During the OECD COP 29 Virtual Pavillon Event, Miriam Koreen, OECD Senior Counsellor on SMEs and Head of the SME and Entrepreneurship Finance Unit at the Centre for Entrepreneurship, SMEs, Regions and Cities, has moderated the interventions of speakers from different backgrounds on the topic of sustainability reporting by SMEs. This issue is fundamental to SMEs since it can hinder access to bank funding and constitute a cumbersome bureaucratic obstacle in the green transition.
As pointed out by Cyntia Azavedo (Banco Central do Brasil), SMEs find numerous difficulties in respecting sustainability reporting requirements due to non-standardized regulations and high observance costs, given that not always they have at disposal experts to carry out these assessments. On these two points, Gerhard Huemer (SME United), added that there is an urgence to create a well-designed taxonomy which may clarify the categories and the subsequent legal frameworks that the different enterprises should observe. Moreover, Huemer stresses the importance of simplifying the reporting system in order to make it more accessible and understandable for SMEs’ staff.

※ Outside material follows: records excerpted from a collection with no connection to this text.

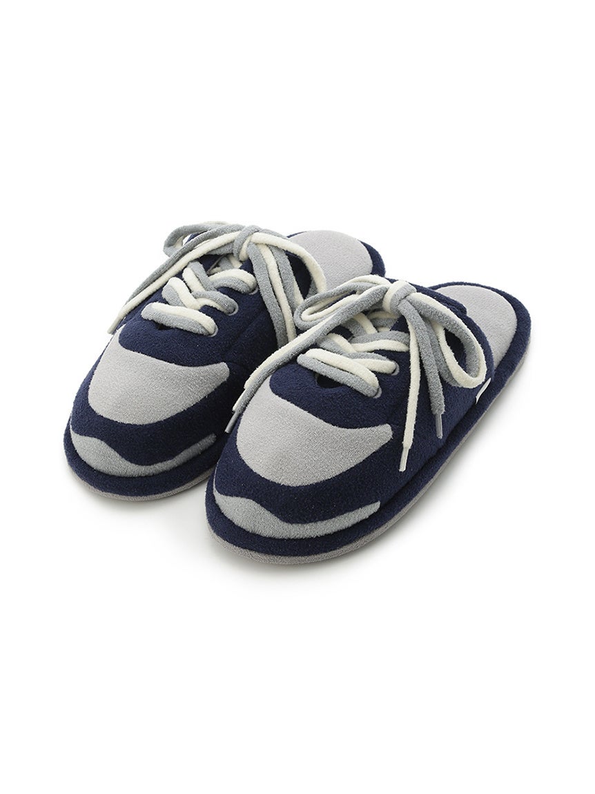 ニット素材の切り替えがアクセントになった、こだわりデザインのルームシューズ。
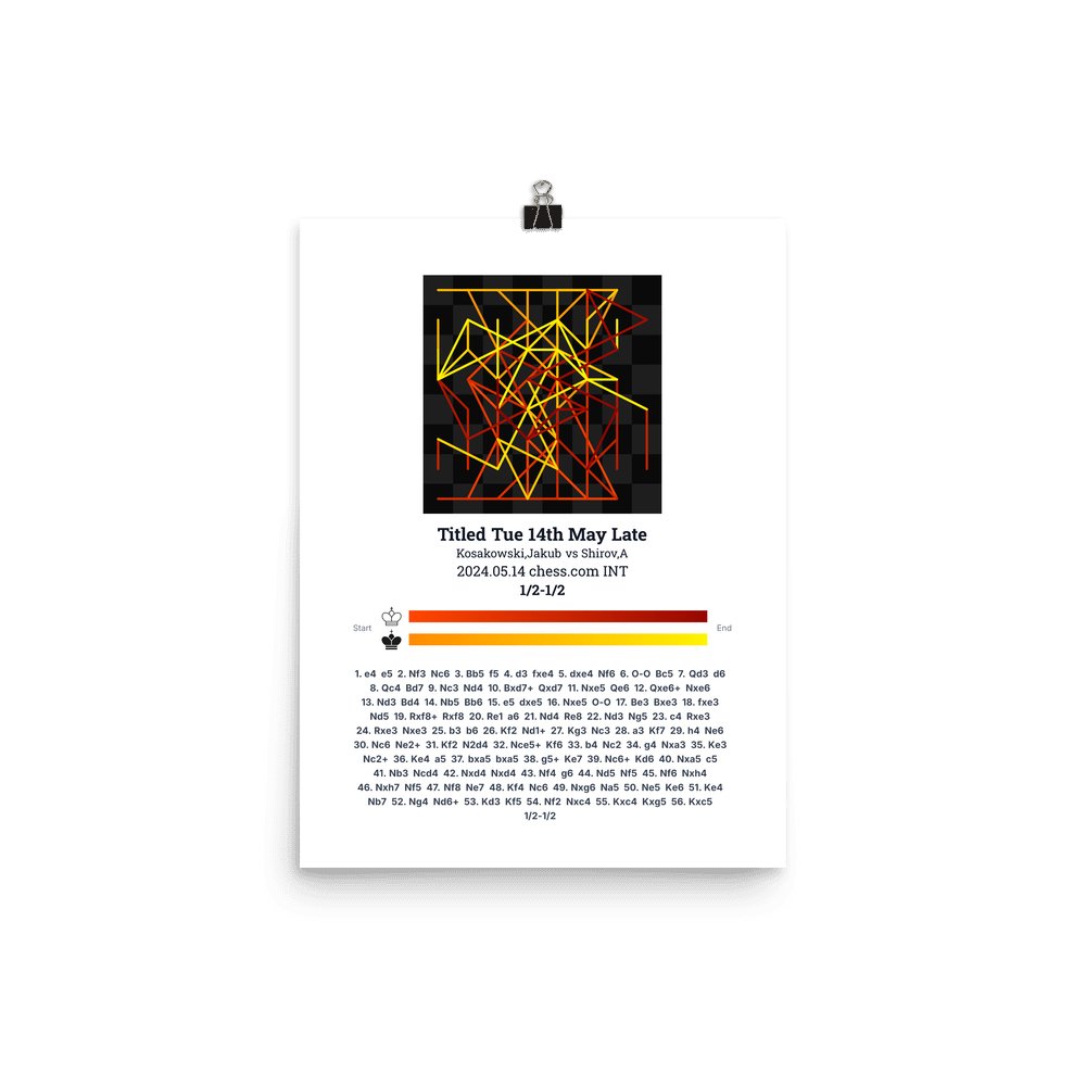 Museum-quality poster on thick, durable matte paper. A sharp, clean look for any chess visualisation.
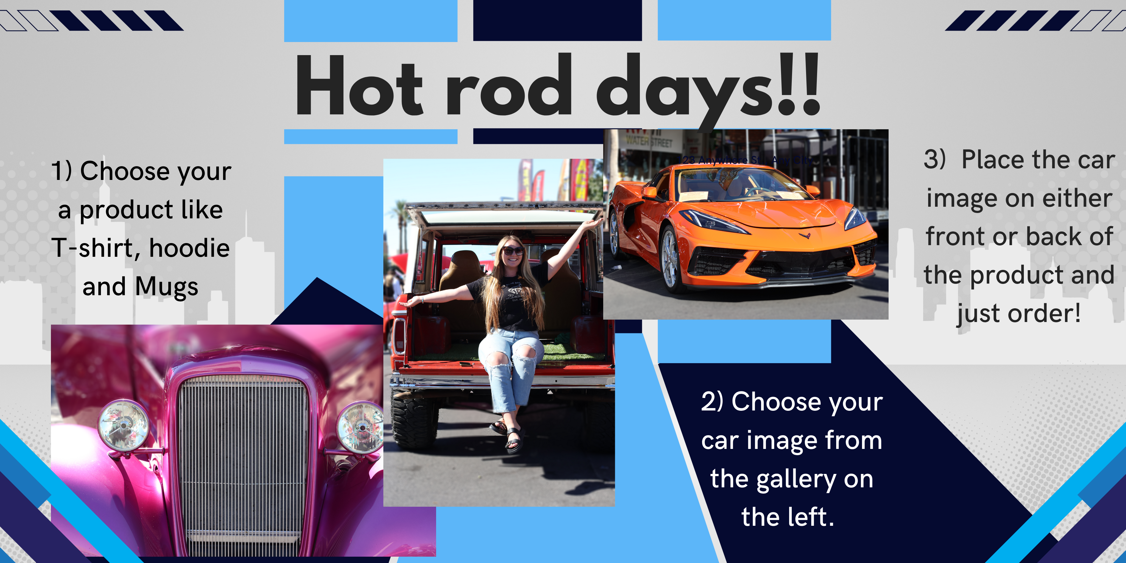 Once you hit the button below it will take you to our customizing section. Click the product you want like a T shirt. Then on the Left (Or bottom if using a phone) click the gallery (puppy face on a phone) and pick out your car. Size it in the box and place your order.
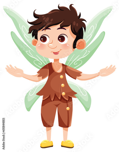 Beautiful wing. Sticker with adorable fairy or butterfly wings for flight and magic. Pair of fantastic wings with cute ornament. Cartoon realistic vector illustration isolated on white background
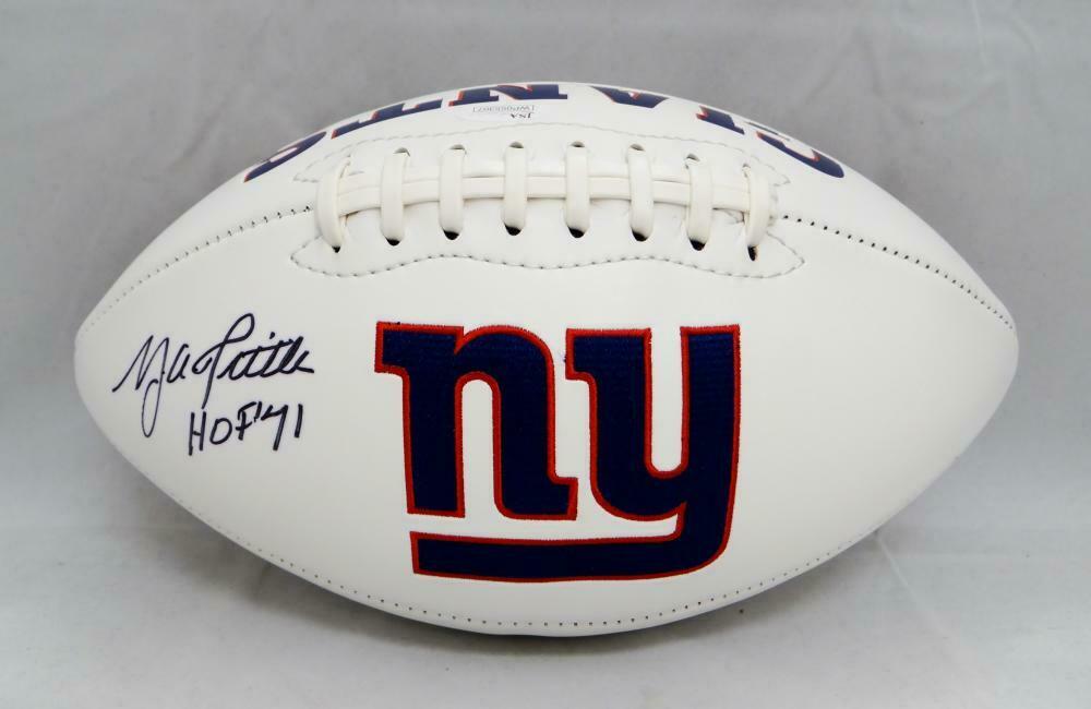 This is a hand autographed football of Y. A. Tittle. This is a New York Giants Logo football. This item has a James Spence Witness Protection Authentication, which comes with a JSA numbered sticker and a matching JSA COA. You can view this item on the SpenceLOA website, it shows when and where the item was signed. It was signed either at a public autograph appearance or a Private Signing. This is a stock photo of the item. Although you may not receive this exact item, the item you receive is virtually identical and brand new in great shape. This is a hand autographed football of Y. A. Tittle. This is a New York Giants Logo football. This item has a James Spence Witness Protection Authentication, which comes with a JSA numbered sticker and a matching JSA COA. You can view this item on the SpenceLOA website, it shows when and where the item was signed. It was signed either at a public autograph appearance or a Private Signing. This is a stock photo of the item. Although you may not receive this exact item, the item you receive is virtually identical and brand new in great shape.
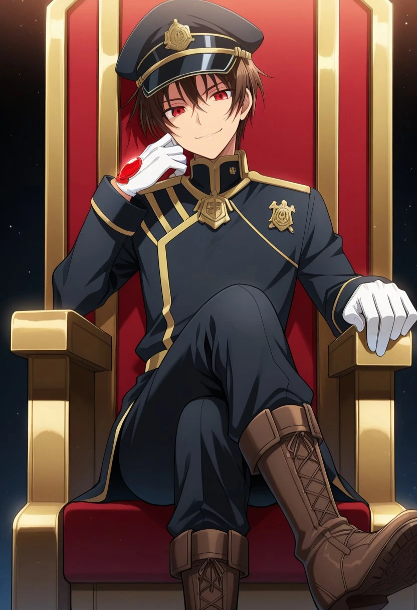 TeitoKlein, 1boy, male focus, solo, green eyes, brown hair, military uniform, jacket, black jacket, gloves, white gloves, pants, black pants, boots, brown footwear,

On this last point, namely, accessibility and simplification, Navina Balasingam (Capital Markets Malaysia), shows a best practise from her country where the organisation for which she works, has developed a guide to illustrate and disclosure in a gradual way the more complex parts of the sustainability reporting process. The relevance of more simplified and widely standardized reporting requirements becomes even more evident when an international perspective is adopted. Indeed, as stressed by Ana Fiorella Carvajal (World Bank Group), not only regional, but also bilateral programs should be designed to target the needs of each entrepreneurship sector at a global level.